Extracted data entries
_ _ _ _ _
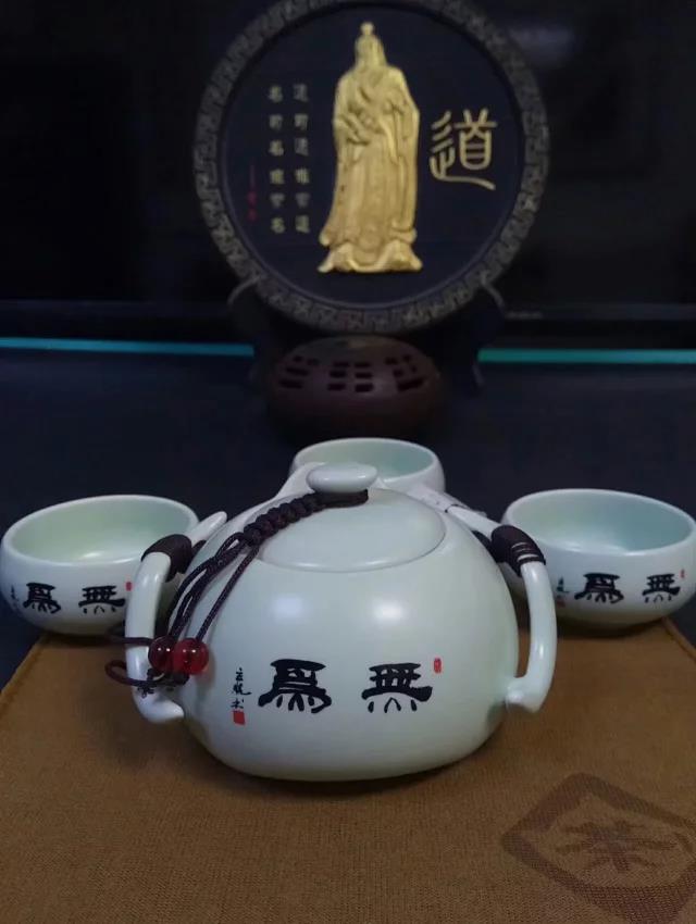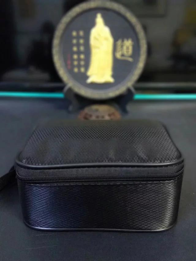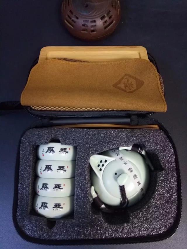 便攜式旅行包內(nèi)有茶壺一枚,茶杯四枚,茶巾一塊,茶盤一個,茶夾一枚。汝窯名瓷,手工制作。
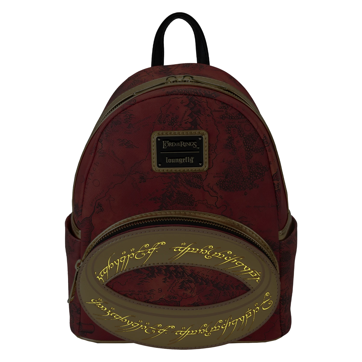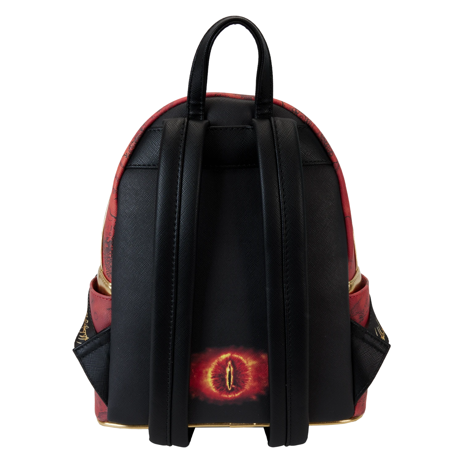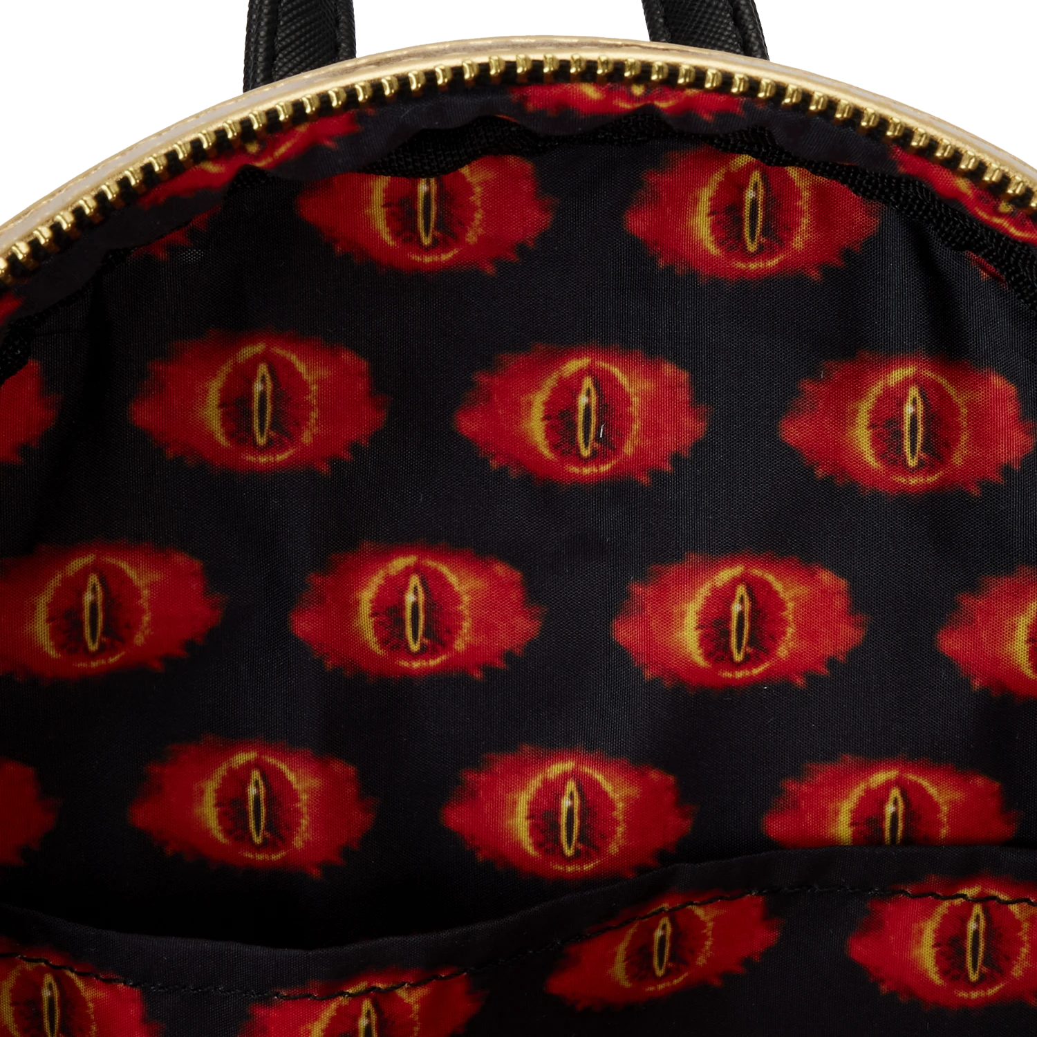 The Loungefly Lord of the Rings The One Ring Mini Backpack is made of vegan leather (polyurethane). Bag has adjustable shoulder straps and shiny gold hardware. Additional features include applique, debossed, glow-in-the-dark, metallic, and printed details. Take note of the coordinating inside lining.
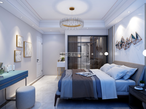 衣帽間設(shè)計在主臥與主衛(wèi)之間,采用透明玻璃移門隔斷,讓主臥視野更為開闊通暢,防止?jié)駳馇秩胍旅遍g及臥室,同時方便洗漱完畢可直接更衣、睡覺。
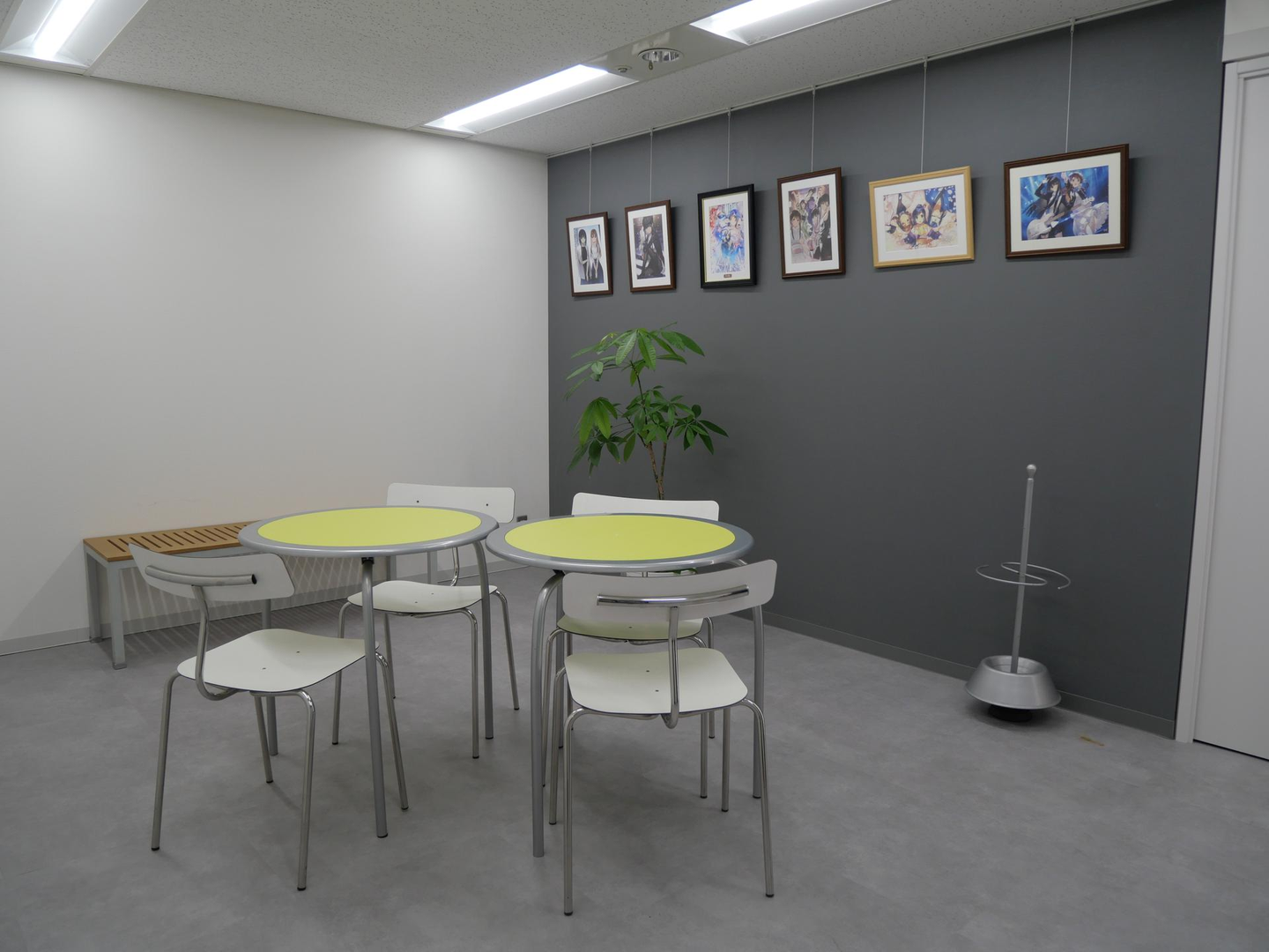 丸テーブル2台に椅子が4脚、ベンチが1台とシンプルながらも「打ち合わせより30分も早く着いちゃった!」と慌てん坊のあなたがそこで待つには十分なアイテムが誇らしく鎮座。壁にはアクアプラスが手がけた名作『うたわれるもの』や『WHITE ALBUM2』のイラストが並べられ、いつまでもゆっくりと眺めたい気持ちにさせてくれます。
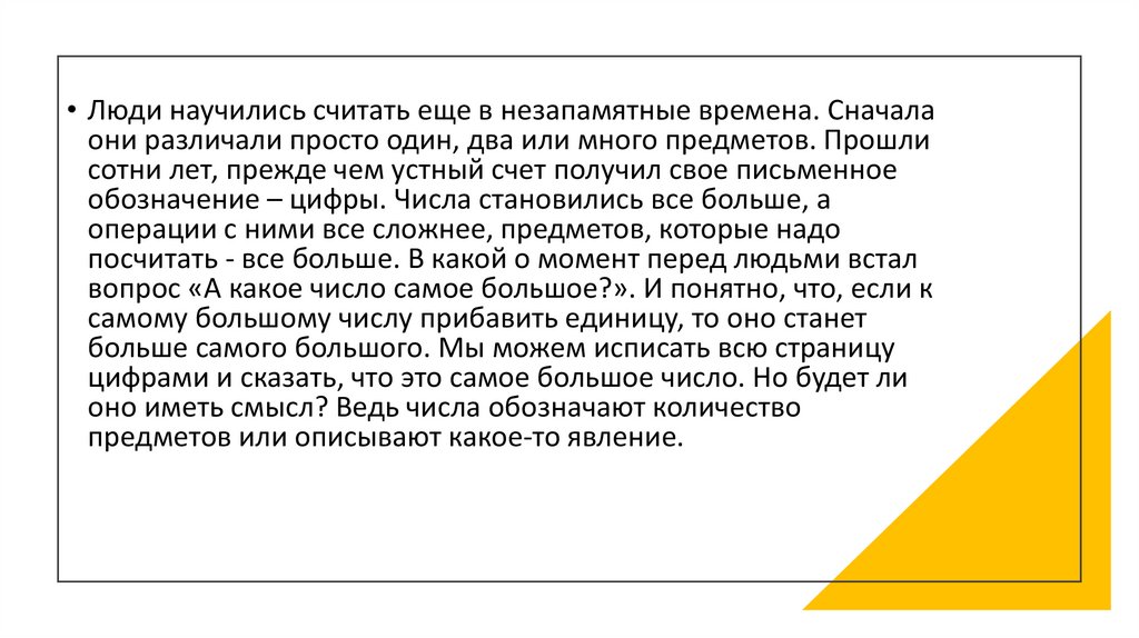 вопрос «А какое число самое большое?». И понятно, что, если к
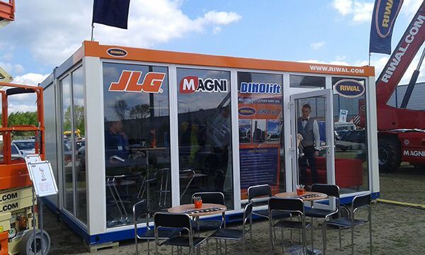 Dla naszego Klienta firmy Riwal – lidera, a także specjalisty w branży podnośników i podestów ruchomych oraz ładowarek teleskopowych przygotowaliśmy, zgodnie z przedstawionymi wymaganiami, nietuzinkowe stoisko targowe. Wnętrza oraz same kontenery zostały zaaranżowane pod indywidualne potrzeby Klienta, co dało znakomity efekt zarówno wizualny, jak również praktyczny. Popatrzcie sami.
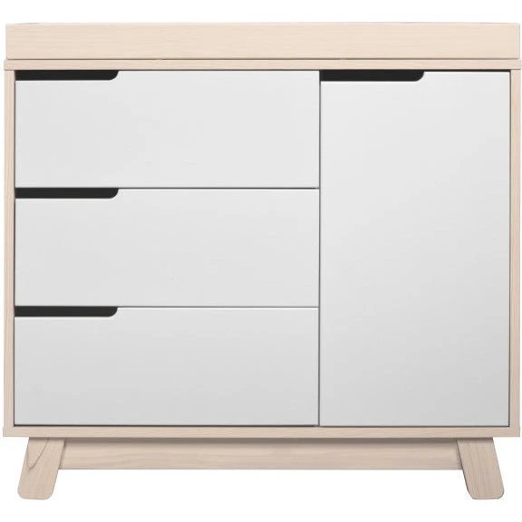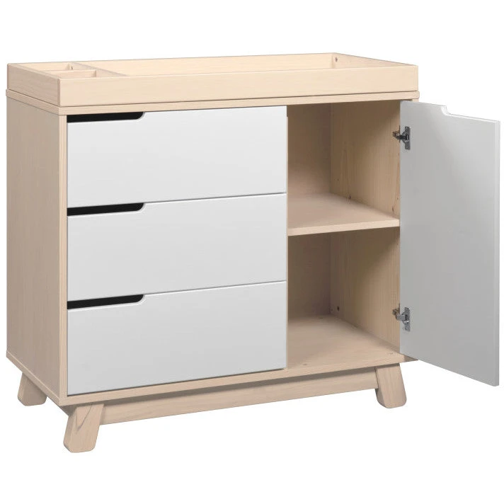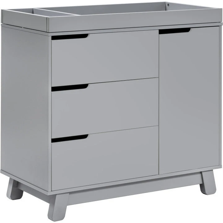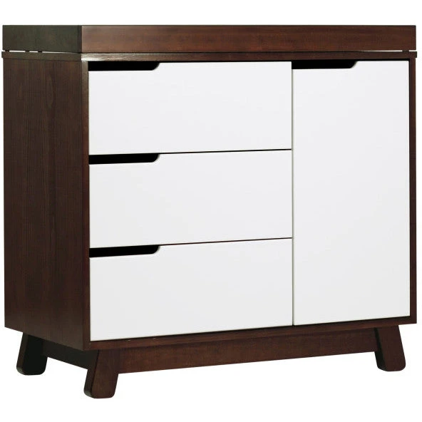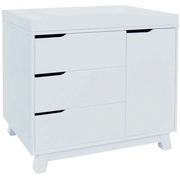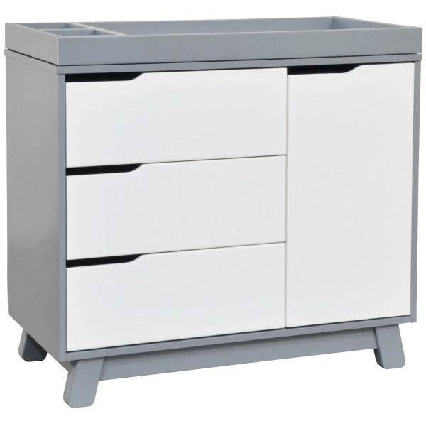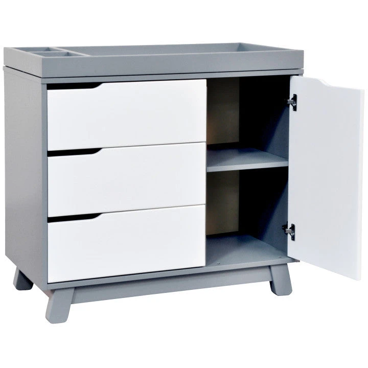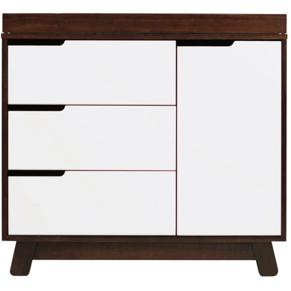 Get more from your nursery furniture with the versatile Hudson Changer Dresser. Combining a changing table, three drawer dresser, and storage cabinet all in one solid and practical package, the Hudson Changer Dresser is a modern space-saving convenience. Complementing the mid-century modern-inspired Hudson 3-in-1 Convertible Crib, the dresser comes in three chic finishes including two new takes on two-tone for the nursery. Truly built for baby, the removable changer tray’s raised sides help keep your little one safe, and an anti-tip kit is included for further security. Keep baby’s clothes and necessities organized in the smooth-opening drawers, while stop mechanisms prevent them from being pulled all of the way out. The storage cabinet closes gently and includes an adjustable shelf, perfect for keeping diapers and wipes handy.
_ _ _ _ _
Once the line with "丸テーブル2台に椅子が4脚、" is found in the data above, reproduce it and each line after it exactly, through the line with "что, если к". Omit the pictures.

 丸テーブル2台に椅子が4脚、ベンチが1台とシンプルながらも「打ち合わせより30分も早く着いちゃった!」と慌てん坊のあなたがそこで待つには十分なアイテムが誇らしく鎮座。壁にはアクアプラスが手がけた名作『うたわれるもの』や『WHITE ALBUM2』のイラストが並べられ、いつまでもゆっくりと眺めたい気持ちにさせてくれます。
 вопрос «А какое число самое большое?». И понятно, что, если к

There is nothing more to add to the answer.